Tras bastidores circula un chiste: ¡hasta el bebé de Jessica, que no pasa del año, actúa mejor!

Y ya que caímos en el tema… La hija de Regina Duarte, sorprendió, con su impensada veta cómica. Años atrás también causó la repulsa del público, cuando le daba vida a la impopular Eduarda de Por amor (¡hasta un sitio había Yo odio a Eduarda! Para criticar su frágil desempeño)

Sin embargo, aquí Gabriela asume bien a la exigente y caprichosa Jessica, que vive casada con el bígamo Berilo (Bruno Gagliaso, otra revelación del humorismo tardío).

La risa...

En general la risa fluye aquí con más naturalidad que el llanto. La caricatura italiana y los ‘emergentes’ brasileños son lo mejor de esta historia, confirmando algo ya sabido: Silvio de Abreu, es un rey de la comedia y fue, justamente, gracias a ella que ganó proyección nacional a partir de la primera mitad de los 80.

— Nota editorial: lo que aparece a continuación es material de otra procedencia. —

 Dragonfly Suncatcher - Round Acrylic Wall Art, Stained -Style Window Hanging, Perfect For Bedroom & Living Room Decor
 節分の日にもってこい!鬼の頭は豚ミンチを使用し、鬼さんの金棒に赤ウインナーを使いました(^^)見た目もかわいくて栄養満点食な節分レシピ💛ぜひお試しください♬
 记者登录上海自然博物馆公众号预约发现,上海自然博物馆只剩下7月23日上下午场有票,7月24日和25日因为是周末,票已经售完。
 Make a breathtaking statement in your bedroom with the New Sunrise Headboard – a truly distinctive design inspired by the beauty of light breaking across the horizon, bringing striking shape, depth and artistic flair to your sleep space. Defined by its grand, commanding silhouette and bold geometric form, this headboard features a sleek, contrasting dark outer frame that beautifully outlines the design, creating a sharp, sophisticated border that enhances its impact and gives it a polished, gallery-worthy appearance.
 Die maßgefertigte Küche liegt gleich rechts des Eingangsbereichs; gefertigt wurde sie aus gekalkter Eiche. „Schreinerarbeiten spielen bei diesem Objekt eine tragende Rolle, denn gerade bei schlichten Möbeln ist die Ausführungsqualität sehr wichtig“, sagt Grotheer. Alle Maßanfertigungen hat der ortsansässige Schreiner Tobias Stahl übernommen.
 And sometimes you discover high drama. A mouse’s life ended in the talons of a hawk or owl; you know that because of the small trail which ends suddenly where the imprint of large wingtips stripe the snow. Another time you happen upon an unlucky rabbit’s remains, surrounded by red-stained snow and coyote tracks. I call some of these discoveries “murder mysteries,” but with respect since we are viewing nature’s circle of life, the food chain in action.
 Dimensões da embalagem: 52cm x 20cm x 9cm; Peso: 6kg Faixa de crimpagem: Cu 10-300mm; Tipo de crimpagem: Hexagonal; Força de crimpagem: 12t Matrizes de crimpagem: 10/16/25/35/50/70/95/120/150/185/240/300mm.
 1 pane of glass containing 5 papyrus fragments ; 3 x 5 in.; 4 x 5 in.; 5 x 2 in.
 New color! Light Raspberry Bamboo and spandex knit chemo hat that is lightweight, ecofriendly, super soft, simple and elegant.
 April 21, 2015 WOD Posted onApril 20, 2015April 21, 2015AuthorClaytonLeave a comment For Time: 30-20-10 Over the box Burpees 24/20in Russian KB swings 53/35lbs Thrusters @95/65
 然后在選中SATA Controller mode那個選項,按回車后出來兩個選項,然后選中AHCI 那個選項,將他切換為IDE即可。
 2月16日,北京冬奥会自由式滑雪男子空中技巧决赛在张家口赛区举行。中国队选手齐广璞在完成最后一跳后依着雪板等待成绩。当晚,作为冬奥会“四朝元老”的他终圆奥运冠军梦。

Pecado Rasgado (1977), su primera obra de las 7, sufría por los excesos de humor. No era lo habitual, hasta que él lo convirtió en norma. Luego, Rainha da Sucata (1990), sufrió idéntico percance, esta vez en su estreno estelar.

Las manos 'se le iban' y donde le tocaba sembrar lágrimas, recogía carcajadas. Pero, poco a poco, se acotejó y así, logró éxitos estruendosos como La próxima víctima (1995) y Belíssima (2005) - esta última, más por sus índices, que por calidad (Passione, de hecho, parece ser Belíssima, pero en italiano... junto a la trama policíaca otro déjà vu de Silvio).

Aquí, cuando nada parecía funcionar, el segmento humorístico iba viento en popa y a toda vela, sobre todo gracias Irente Ravache, la brújula del grupo, que con su advenediza Clô lleva a todos a puerto seguro.

Las locuras de la nueva rica que batalla por insertarse en la fina flor paulista, arrancan sonoras carcajadas. Sin dudas una verdadera creación de la actriz. Flávio Migliaccio, Alexandra Richter y Andréa Bassit, respectivamente tío, amiga y empleada de Clô, están muy bien. Francisco Cuoco, su pareja en escena, no convence... pero tampoco irrita.

Villanos...

No es el caso de la debutante Mayana Moura, que quizás por las limitaciones de su personaje o la falta de oficio, no consigue sacar a su villana Melina de un perpetuo estado neurótico. Tampoco consigue ser muy potable la gran Aracy Babalabian... La constante beligerancia contra Clara (Mariana Ximenes) y su italiano 'de novela' (una de las cosas más criticadas a Passione) cansa.

Ya Mariana, ha sabido dotar de cierto humanismo a su personaje, que luego de una sarta de maldades en los primeros capítulos, por ahora, se ha 'redimido'. Cauã Raymond, volvió a repetir par romántico de ella, demostrando que ambos tienen química, así como que no es apenas una carita linda. Su incorporación de un drogadicto resulta orgánica y creíble. La subtrama es la que destona. Demasiado impostada, para mi gusto.

Rubios...

El núcleo de la familia de Danilo tiene altos y bajos. El único mérito de Tammy di Calafiori y Kaiky Brito (Lorena y Sinval) es que son rubios y de ojos azules. Pero de actuación ellos saben bien poco...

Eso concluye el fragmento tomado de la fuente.